Friday 17 August 2012

CHURCH ATTENDANCE HAS ALWAYS BEEN YO-YO

This letter appears in today's Leicester Mercury:
Church attendance has always been yo-yo
There has been a great deal in the Mercury recently regarding religion. Apparently it faces an inevitable demise.
Hasn't it always?
There was certainly a decline in religious attendance in the last century in this country – but there was a massive increase in the 19th century.
This was compared with the very sparse church attendance in the 18th century – which succeeded the general attendance in the 17th century.
I think this yo-yo behaviour is quite usual.

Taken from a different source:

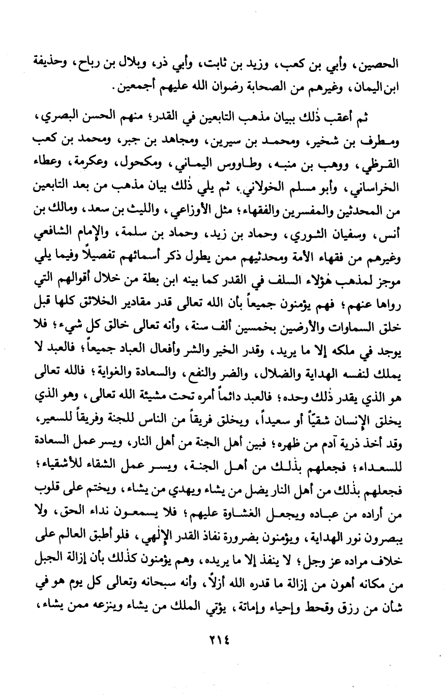 ثمَّ أعقب ذَلِك بِبَيَان مَذْهَب التَّابِعين فِي الْقدر مِنْهُم الْحسن الْبَصْرِيّ ومطرف بن شخير وَمُحَمّد بن سِيرِين وَمُجاهد بن جبر وَمُحَمّد بن كَعْب الْقرظِيّ ووهب بن مُنَبّه وطاووس الْيَمَانِيّ وَمَكْحُول وَعِكْرِمَة وَعَطَاء الْخُرَاسَانِي وَأَبُو مُسلم الْخَولَانِيّ ثمَّ يَلِي ذَلِك بَيَان مَذْهَب من بعد التَّابِعين من الْمُحدثين والمفسرين وَالْفُقَهَاء مثل الْأَوْزَاعِيّ وَاللَّيْث بن سعد وَمَالك بن أنس وسُفْيَان الثَّوْريّ وَحَمَّاد بن زيد وَحَمَّاد بن سَلمَة وَالْإِمَام الشَّافِعِي وَغَيرهم من فُقَهَاء الْأمة ومحدثيهم مِمَّن يطول ذكر أسمائهم تَفْصِيلًا وَفِيمَا يَلِي موجز لمَذْهَب هَؤُلَاءِ السّلف فِي الْقدر كَمَا بَينه ابْن بطة من خلال أَقْوَالهم الَّتِي رَوَاهَا عَنْهُم فهم يُؤمنُونَ جَمِيعًا بِأَن الله تَعَالَى قدر مقادير الْخَلَائق كلهَا قبل خلق السَّمَاوَات وَالْأَرضين بِخَمْسِينَ ألف سنة وَأَنه تَعَالَى خَالق كل شَيْء فَلَا يُوجد فِي ملكه إِلَّا مَا يُرِيد وَقدر الْخَيْر وَالشَّر وأفعال الْعباد جَمِيعًا فَالْعَبْد لَا يملك لنَفسِهِ الْهِدَايَة والضلال والضر والنفع والسعادة والغواية فَالله تَعَالَى هُوَ الَّذِي يقدر ذَلِك وَحده فَالْعَبْد دَائِما أمره تَحت مَشِيئَة الله تَعَالَى وَهُوَ الَّذِي يخلق الْإِنْسَان شقيا أَو سعيدا ويخلق فريقا من النَّاس للجنة وفريقا للسعير وَقد أَخذ ذُرِّيَّة آدم من ظَهره فَبين أهل الْجنَّة من أهل النَّار وَيسر عمل السَّعَادَة للسعداء فجعلهم بذلك من أهل الْجنَّة وَيسر عمل الشَّقَاء للأشقياء فجعلهم بذلك من أهل النَّار يضل من يَشَاء وَيهْدِي من يَشَاء وَيخْتم على قُلُوب من أَرَادَهُ من عباده وَيجْعَل الغشاوة عَلَيْهِم فَلَا يسمعُونَ نِدَاء الْحق وَلَا يبصرون نور الْهِدَايَة ويؤمنون بضرورة نَفاذ الْقدر الإلهي فَلَو أطبق الْعَالم على خلاف مُرَاده عز وَجل لَا ينفذ إِلَّا مَا يُريدهُ وهم يُؤمنُونَ كَذَلِك بَان إِزَالَة الْجَبَل من مَكَانَهُ أَهْون من إِزَالَة مَا قدره الله أزلا وانه سُبْحَانَهُ وَتَعَالَى كل يَوْم هُوَ فِي شَأْن من رزق وقحط وإحياء وإماتة يُؤْتِي الْملك من يَشَاء وينزعه مِمَّن يَشَاء

A moribund church, for example, experienced a great resurgence of interest around AD 1000.
Way back in the first century BC, the Roman philosopher Cicero was writing of those who had recently decided that the majority who believed in the gods were wrong and that we had no souls after all.
In contrast with the argument that human history leads us ever onwards and upwards, this suggests that humanity's opinions more resemble a pendulum which swings from one extreme ("we believe!") to another ("we do not believe!") but spends the least of its time in the middle ("actually, we're not sure").
This not only applies to religion. It seems to be common to most human activity.
Even scientists convince themselves that they have almost everything sorted out only for some genius to wander up and casually chuck it all into air again. In politics, capitalism is sanity, then socialism insanity, then capitalism is the obvious solution, then socialism explains all.
There is a suspicion that the next generation reacts to the excesses of the previous by going to the opposite end of the spectrum.
Whatever the case may be, it is likely that religion will be with us for the foreseeable future.